WORK REQUEST = When a picture appears in the listing, leave it out and copy the rest exactly as it stands.

RECORDS FOR THIS TASK =
=== Section Start ===

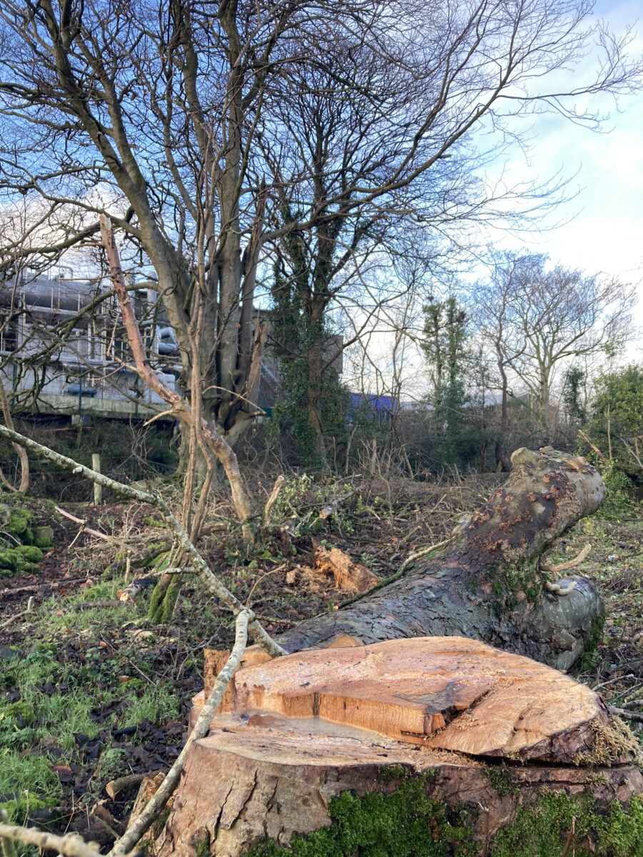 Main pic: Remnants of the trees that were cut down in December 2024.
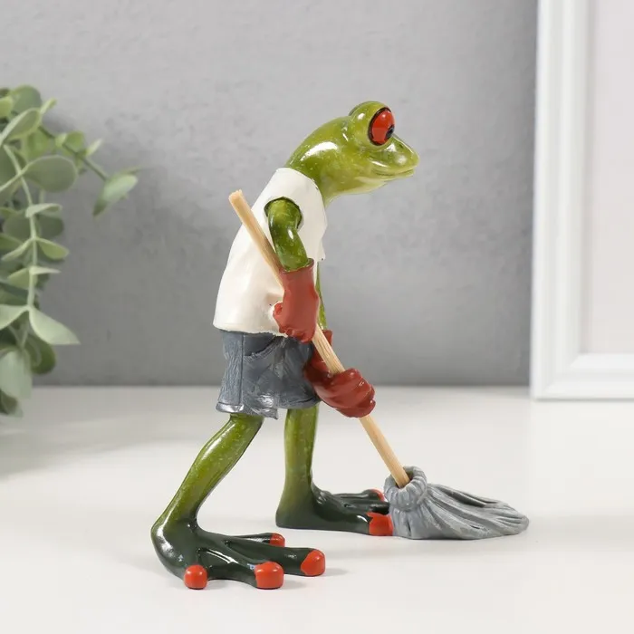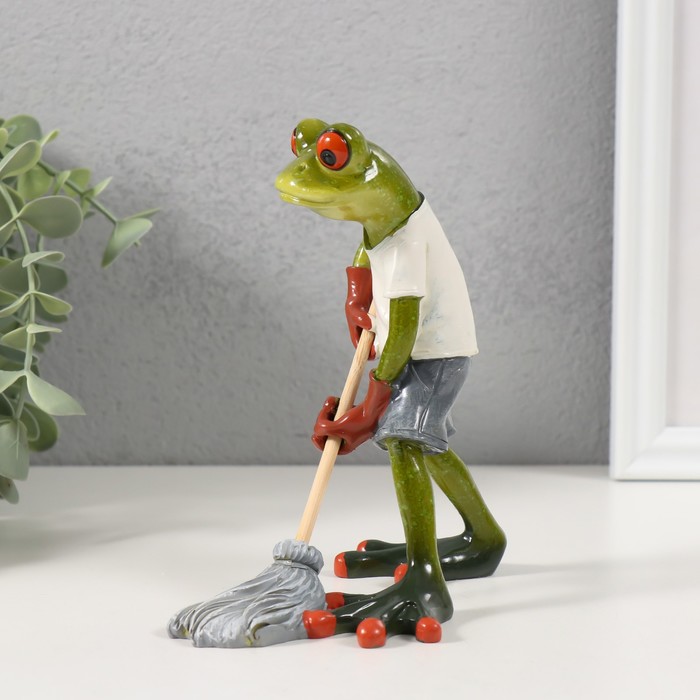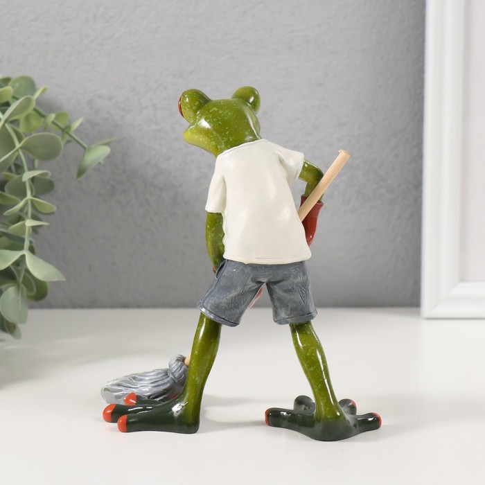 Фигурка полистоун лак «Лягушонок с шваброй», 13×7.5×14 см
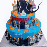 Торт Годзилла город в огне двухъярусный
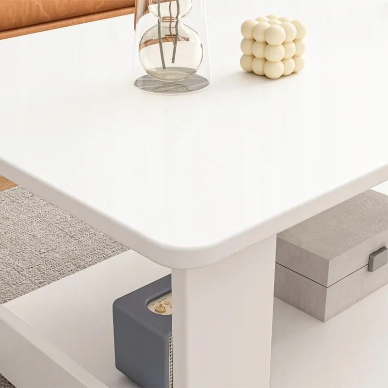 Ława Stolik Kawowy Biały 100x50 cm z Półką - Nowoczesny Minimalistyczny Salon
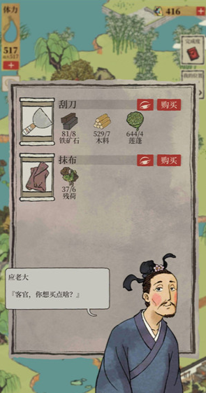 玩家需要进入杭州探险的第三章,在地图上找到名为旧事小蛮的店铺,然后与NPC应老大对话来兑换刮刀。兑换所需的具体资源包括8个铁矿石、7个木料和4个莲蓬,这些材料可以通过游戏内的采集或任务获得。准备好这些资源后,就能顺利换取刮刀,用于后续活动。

=== Section End ===

RESPONSE AREA =
 Main pic: Remnants of the trees that were cut down in December 2024.
 Фигурка полистоун лак «Лягушонок с шваброй», 13×7.5×14 см
 Торт Годзилла город в огне двухъярусный
 Ława Stolik Kawowy Biały 100x50 cm z Półką - Nowoczesny Minimalistyczny Salon
 玩家需要进入杭州探险的第三章,在地图上找到名为旧事小蛮的店铺,然后与NPC应老大对话来兑换刮刀。兑换所需的具体资源包括8个铁矿石、7个木料和4个莲蓬,这些材料可以通过游戏内的采集或任务获得。准备好这些资源后,就能顺利换取刮刀,用于后续活动。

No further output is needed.